Denyutan vaginanya keras sekali dan berlangsung selama beberapa detik, dan kenikmatan yang aku rasakan membuatku merasa sudah hampir orgasme. Tapi setelah orgasme, ternyata Tasya masih ingat keinginannya untuk menghisap penisku.
“Bobi.. jangan dikeluarin dulu.. nanti di mulutku saja yah”.
Maka setelah turun dari pangkuanku, Tasya segera jongkok di depanku dan langsung mengulum penisku. Lidahnya memutari batangnya dan mulutnya menyedot-nyedot membuat aku merasa orgasmeku sudah sangat dekat. Tanganku memegang belakang kepala Tasya, dan kutekan agar penisku semakin masuk di mulutnya, kemudian aku juga membantu memasuk-keluarkan penisku di mulutnya, dan
“aahh Tasya aku keluarrr terus isaappp.. aahh..” dan memang Tasya dengan lahapnya terus menghisap spermaku yang langsung berhamburan masuk ke tenggorokannya. Penisku yang masih mengeluarkan sperma terus disedot dan dikenyot-kenyot dan pangkal penisku juga terus-terusan dikocok-kocok. Orgasmeku kali ini kurasakan sangat luar biasa.

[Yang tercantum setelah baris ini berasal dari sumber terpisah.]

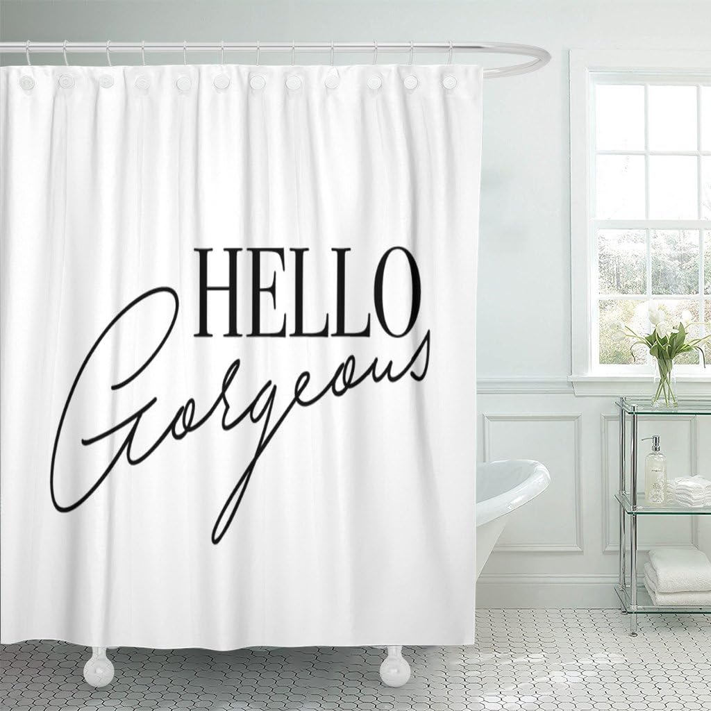 Amazon Com Emvency Shower Curtain Cute Hello Gorgeous Handwriting In Black Slogan Graphic Waterproof Polyester Fabric 60 X 72 Inches Set With Hooks Home Kitchen
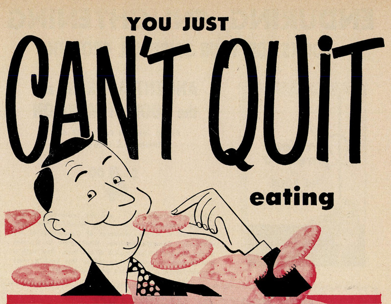 #vintage illustration #vintage ad #gluttony #vintage headline #illustration #crackers #food #headline #1950s #eating #ad

Setelah itu kita kembali berciuman, dan kembali meneruskan memasak.
“Bobi.. makasih yah, tapi aku belum puas, habis kurang bebas sih, entar malem lagi yah..!” aku yang merasa hal yang sama cuma mengangguk.
“Tasya, aku nanti malem pengin menikmati seluruh tubuhmu.”
“Maksudmu..? apa selama ini belum?”
“Aku pengin melakukan hal yang lain sama kamu.., tunggu saja..”
“Ihh.. apaan sih.., Tasya jadi merinding nih”, kata Tasya sambil memperlihatkan bulu-bulu tangannya yang memang berdiri, dan sambil tersenyum aku mengelusi tangannya. Kemudian badannya kupeluk dari belakang dengan lembut. Aku merasa bahagia sekali.